In einer Kombination von automatisierter Verhaltensmessung und neusten, mathematischen Analyse-Methoden hat ein internationales, interdisziplinäres Forscherteam jetzt zum ersten Mal zeigen können, dass sich unterschiedliche Reaktionen nicht auf Zufallsereignisse zurückführen lassen, sondern spontan vom Gehirn erzeugt werden.

Zufalls-Rauschen oder spontanes Verhalten?

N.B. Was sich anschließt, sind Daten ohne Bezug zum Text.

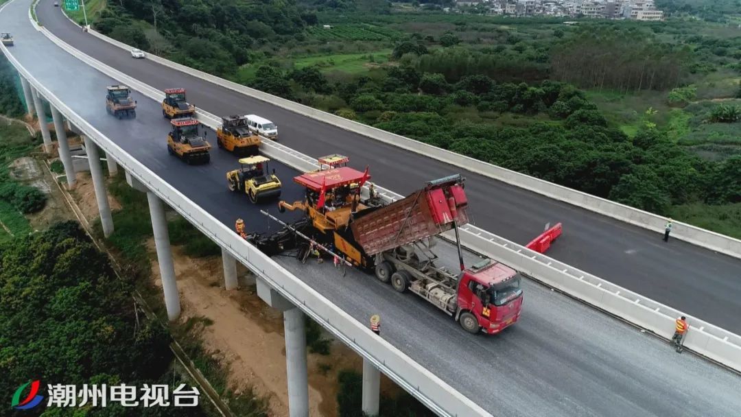 大潮高速公路潮州段是我市重点交通项目之一,目前已全面进入沥青面层铺设阶段,预计10月底完成全部路面工程。此次沥青铺设还引进先进设备,提高施工效率,确保道路质量,为年底建成通车奠定坚实基础。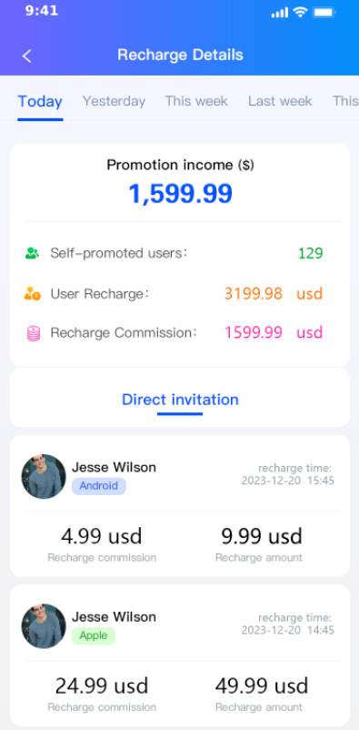 3、后台可开裂变下级团队拿团队收益,满足你多级渠道的使用场景;

Die Wissenschaftler um Brembs fixierten Taufliegen der Art Drosophila melanogaster mit kleinen Häkchen an einem empfindlichen Messgerät, dem sogenannten Drehmoment-Kompensator. Um die Fliegen herum herrschte einförmige, weiße Beleuchtung, sodass die Tiere keinerlei visuelle Eindrücke wahrnehmen konnten. Das Messgerät maß die Versuche der auf der Stelle fliegenden Drosophilae, um die eigene Körperhochachse zu rotieren („Gierungs-Drehmoment“). Die Hakenbefestigung sorgte jedoch dafür, dass sich die Fliegen nicht bewegen konnten; es war ihnen lediglich möglich, mit den Flügeln zu schlagen.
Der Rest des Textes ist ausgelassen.